- The Washington Times - Thursday, January 19, 2023

Amazon is cutting the charity wing of the company, AmazonSmile, citing a failure to provide enough help to enough groups.

In a statement released Wednesday, Amazon announced that the program, which has given millions since its founding in 2013, would close Feb. 20.

The statement expressed disappointment with the progress of the program over the past decade.

“However, after almost a decade, the program has not grown to create the impact that we had originally hoped. With so many eligible organizations — more than 1 million globally — our ability to have an impact was often spread too thin,” the statement reads.

The company is offering one-time payments equalling about one-quarter of what companies received in 2022 to ease the transition.

The program donated, from the company’s own funds, 0.5% of each purchase to a charity of the customer’s choosing.

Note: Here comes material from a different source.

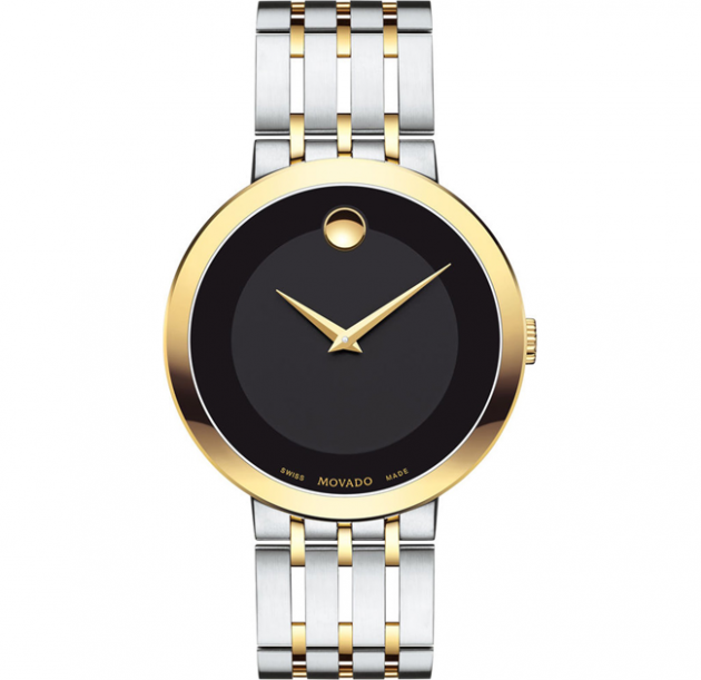 Stainless steel case with a two-tone (silver and gold PVD) stainless steel bracelet. Fixed gold PVD bezel. Black museum dial with gold-tone hands. The Movado dot marks the 12 o’clock position.
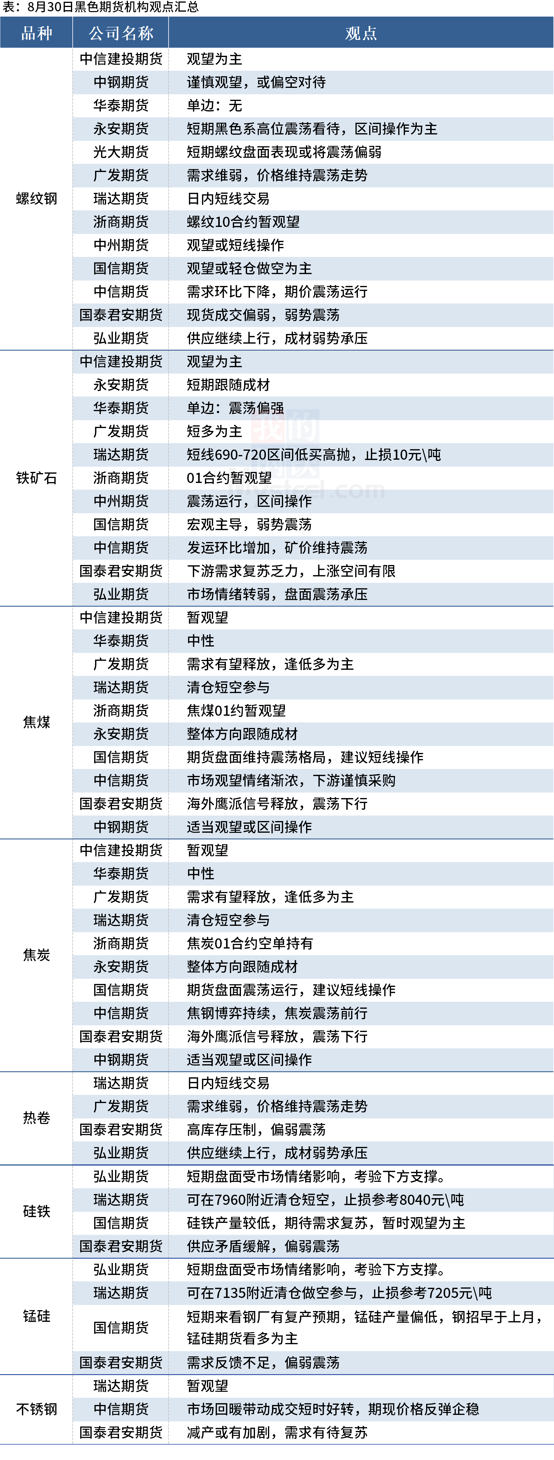 據(jù)Mysteel統(tǒng)計8月30日13家期貨機構(gòu)操作策略,其中多數(shù)機構(gòu)料螺紋鋼震蕩偏弱,建議鐵礦石震蕩運行,焦煤、焦炭震蕩運行。具體匯總內(nèi)容如下:

Most nonprofits were allowed to participate in the program, which has donated over $400 million over its lifetime, except those Amazon designates as hate groups. 

However, a spokesperson told the Washington Post, there was a clear disparity in the amount of money given to charities through the program.

Only four organizations received over $1 million: the American Red Cross, ASPCA, St. Judes Children’s Hospital and the Nature Conservancy.

While total donations numbered in the hundreds of millions of dollars, the average donation for 2021 was less than $230.

Despite the cuts to charity, Amazon still intends to invest in areas that can make “meaningful change.”

“We’ve partnered with food banks in 35 U.S. cities to deliver more than 23 million meals, using our logistics infrastructure to help families in need access healthy food — and we plan to deliver 12 million more meals this year alone,” the announcement reads.

The slow growth of AmazonSmile likely made it an easy target for cuts during a tough financial time for Amazon.

Following many other tech companies making similar cuts, the retail giant announced that in 2023 it would be cutting 18,000 jobs.